Es verdad que los maestros de la sospecha han caído a su vez bajo sospecha, pero tienen mucho que enseñarnos aún sobre la verdad y la mentira de nuestra fe en Dios. Los ateos nos impiden creer en un Dios indigno de fe y nos invitan a creer en un Dios digno de fe. Nos incitan a ahondar la verdad salvadora de nuestra fe, en la medida en que desenmascaran las mil mentiras con las que la asociamos y la pervertimos. Su crítica es como un líquido disolvente que purifica la fe en Dios de adherencias o de cuerpos extraños. Sólo merece el nombre de Dios aquél que queda a salvo de la acción corrosiva de la crítica atea. A menudo, los ateos niegan a Dios porque se hacen de Dios una idea más alta que todo lo que les mostramos los creyentes. Los ateos nos enseñan a creer.
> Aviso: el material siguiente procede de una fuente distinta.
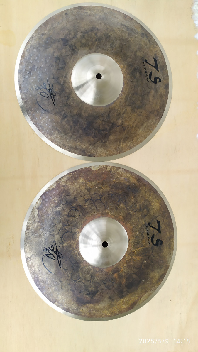Hi hat 14" de alta calidad en aleación B20, hechos a mano. Como el crash (ver mi perfil) de la misma serie, demasiado "dark" en el canto, muy agradable con punta nylon, buen "chick" y al igual que el crash de la misma serie, muchísima personalidad...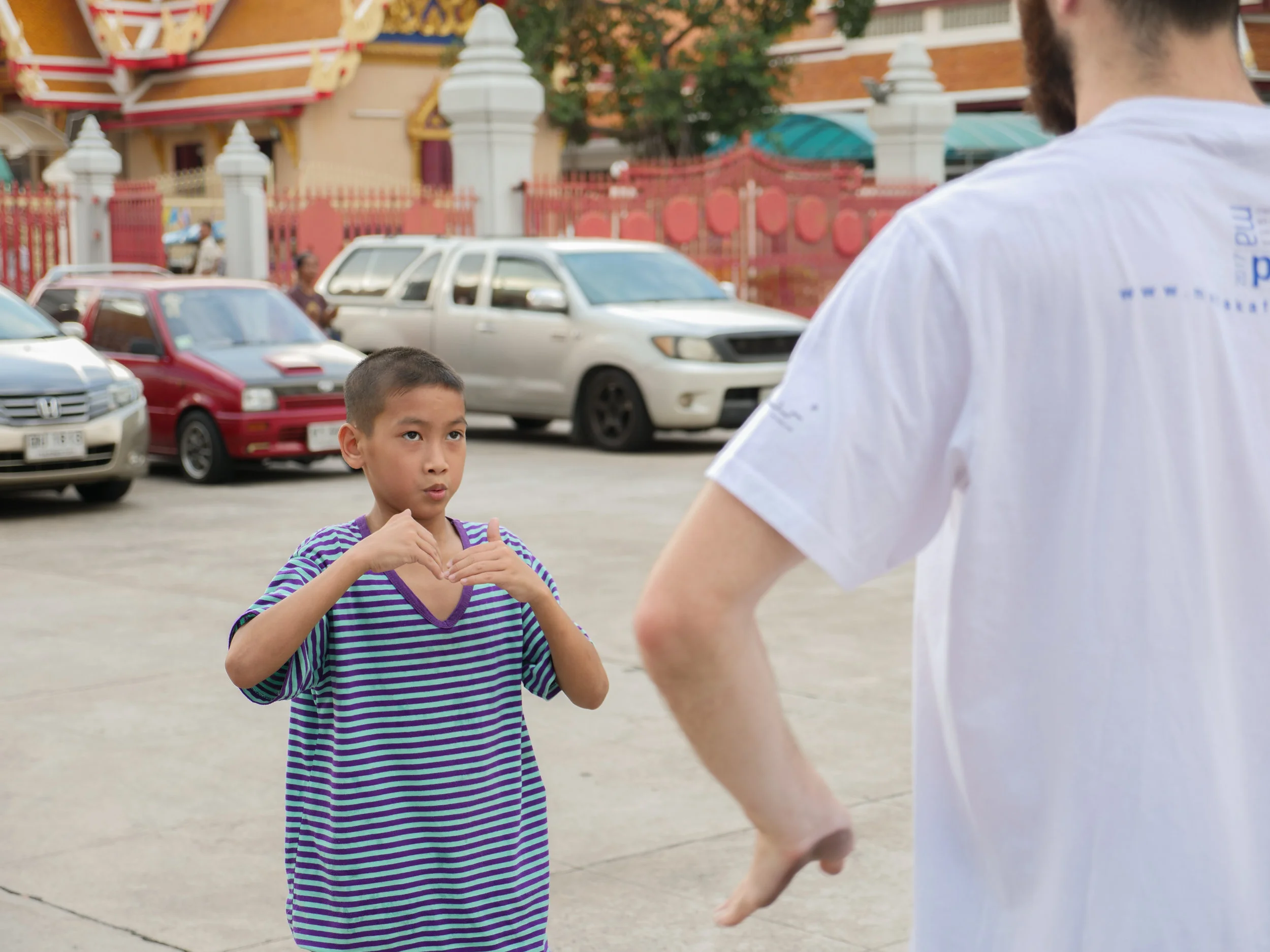 The project comprised two distinct parts: a performance by four of the artists, and two workshops—one run by Mike and Benjamin, and one run by Tony. 15 to 20 people participated in each workshop, some of whom were community members, while the performances drew a big crowd from within the community, as well as a few visitors. The performances took place at the Wat Care Nang Lerng temple, both because of its spacious grounds and central location, and for its significance for the local people.

Así pues, los “maestros de la sospecha” siguen siendo un criterio y un aviso: ¿en qué Dios creemos de verdad? ¿Dios nos hace más justos o más egoístas? ¿Dios nos hace más libres o más oprimidos? ¿Dios nos hace más alegres o más angustiados? La crítica inexorable de muchos ateos sigue aguijoneándonos para que creamos de manera creíble en un Dios creíble: un Dios que no es ni consuelo ilusorio ni poder amenazante; un Dios que no es un soberano patriarca, separado del mundo y de nuestra vida, que nos vigila y amenaza en el mismo momento en que buscamos en él consuelo; un Dios que es misterio fontal que nos hace ser, la compañía que nunca abandonamos y nunca nos abandona, la solidaridad absoluta con nuestros gozos y con nuestras cruces.
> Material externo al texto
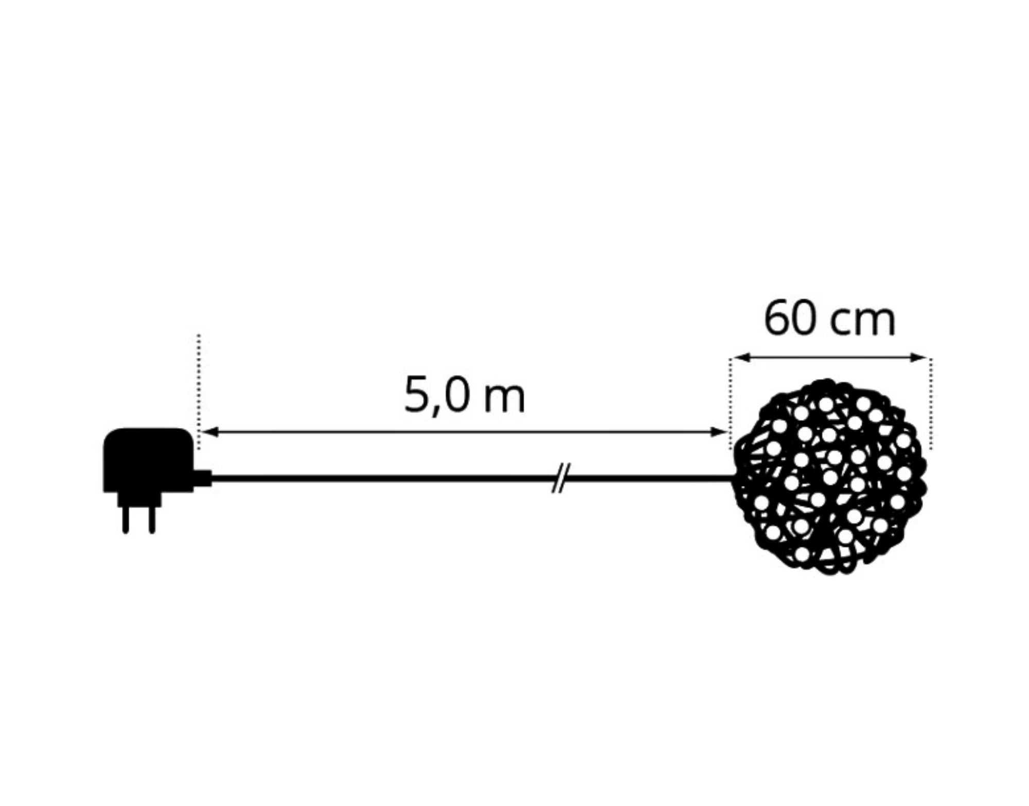 Mit 200 warmweissen LEDs sorgt der Ball für stimmungsvolle Beleuchtung. Dank Netzbetrieb (31V/6W) ist eine zuverlässige und konstante Helligkeit garantiert. Das klare Anschlusskabel mit einer Länge von 5 Metern bietet dabei genügend Flexibilität beim Platzieren.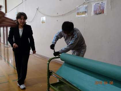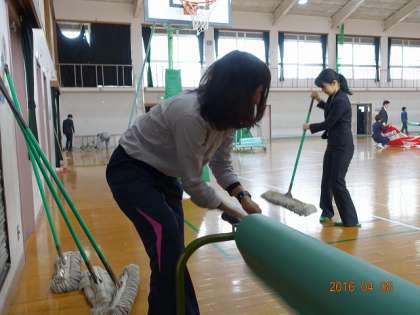 1年生が教室に入っている頃,体育館は後片付けの真っ最中。

6. Dios y el espesor del mal

El mal ha sido siempre el gran obstáculo para creer en Dios. También hoy. Y hoy más que nunca, porque el mal es hoy más visible y palpable que nunca, más terrible que nunca; hoy se produce un un 10% más de los alimentos necesarios para toda la humanidad, y sin embargo 35.000 niños, y otros tantos adultos, mueren de hambre cada día. Nunca se ha matado tanto como hoy.
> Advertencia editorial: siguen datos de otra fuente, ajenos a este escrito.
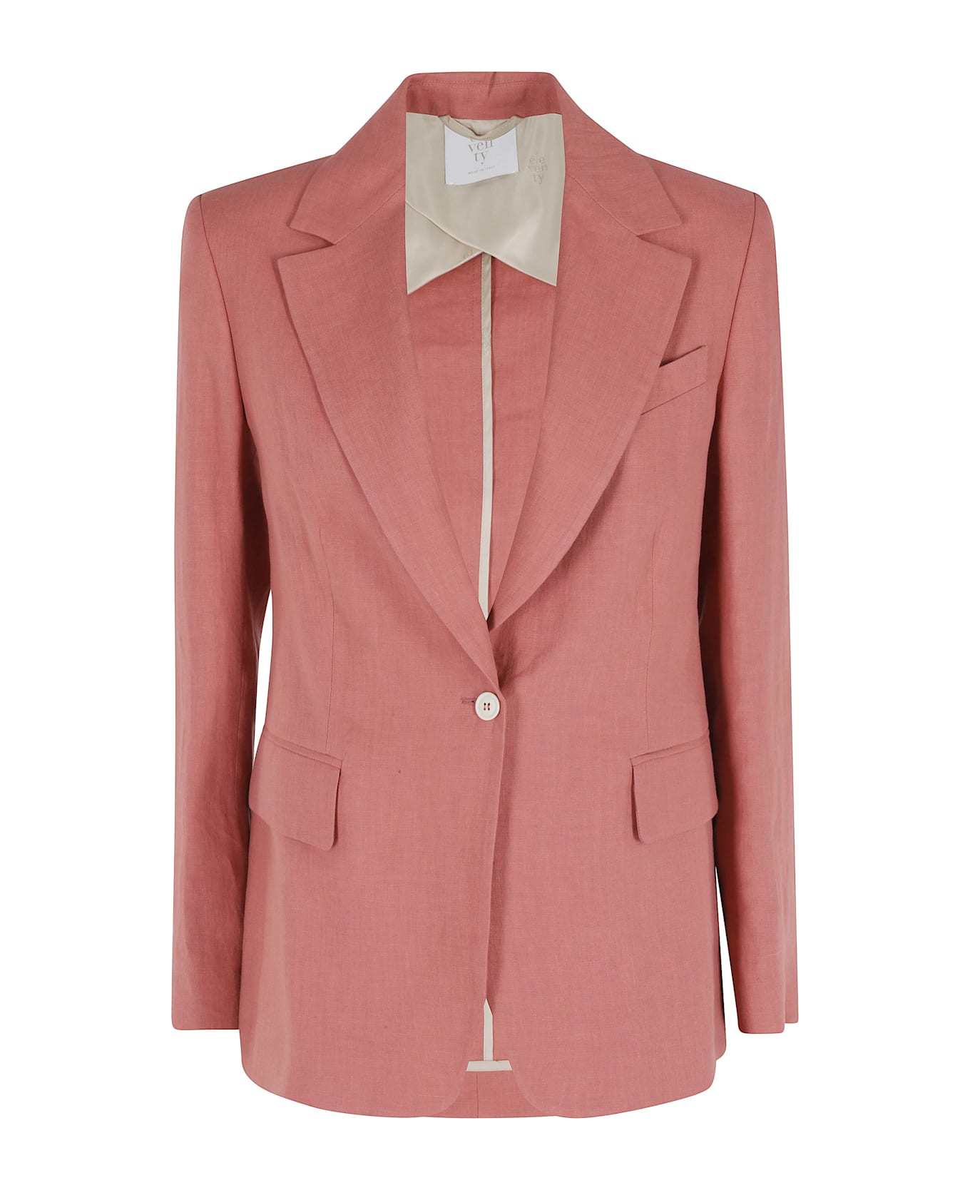 Category: Jacket Item: Single-breasted blazer jacket Brand: Eleventy Color: Coral Details: One button, front pockets Closure: Single-breasted SIZE AND FIT Fit: Regular Length: Long Sleeve Length: Long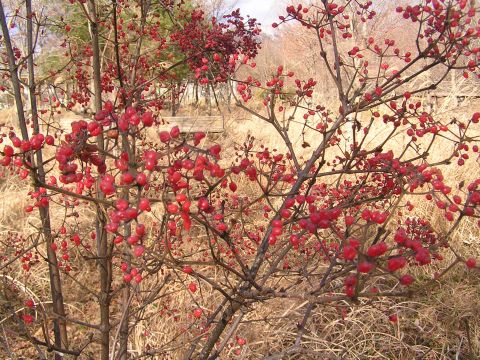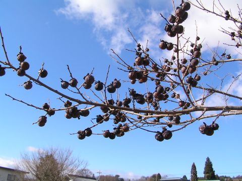 買い物ついでに立ち寄った公園。木々も衣を脱いで乾いた落ち葉がかさかさと音をたてます。何もないなかで赤い実がぶら下がってゆらゆらと風に揺れている2種類の木がありました。ナナカマドとガマズミの実でした。少し先には大きな木に黒い実が沢山・・・・。近づいてよく見ると、えっつ!!柿??1センチにも満たない大きさなのに柿の実そのもので中を見るとちゃんと種も。黒くなる前は矢張りオレンジ色なのでしょうか??来年は早めにみにいかなければ・・・・。

¿Es posible creer en Dios mientras exista el mal? ¿Dios es ajeno al mal o es responsable del mal? ¿Cómo es posible creer en un Dios separado del mal, ajeno al mal? ¿Y cómo es posible creer en un Dios implicado en el mal, responsable del mal por acción, por omisión o por permisión? Y si Dios no es responsale del mal, ¿de dónde viene el mal? ¿Es posible creer en un Dios que no puede o que no quiere destruir el mal ya desde ahora?

En el mal parece disolverse toda huella de la presencia de Dios, toda posibilidad de fe en Dios razonable y coherente. La incompatibilidad teórica entre Dios y el mal la dejó definitivamente expresada Epicuro (siglo IV a. C.) en su lapidaria fórmula: “Si Dios puede eliminar el mal y no quiere, es malo, luego no es Dios; si quiere eliminarlo y no puede, no es omnipotente, luego tampoco es Dios”. Si hay mal, no hay Dios.

¿Tenemos alguna respuesta teórica plausible? No, ninguna, y tenemos que empezar por reconocerlo abiertamente: Dios y el mal son absolutamente incompatibles también para la razón del creyente. Dios da la razón a Job contra los amigos de éste que buscan y hallan explicaciones a su sufrimiento. ¿Significa eso que el mal nos impide creer en Dios? No, por supuesto, pero sí significa que debemos renunciar a toda explicación, y significa que debemos liberar a Dios de explicaciones perversas, como por ejemplo: Dios quiere el mal, Dios permite el mal, Dios castiga con el mal…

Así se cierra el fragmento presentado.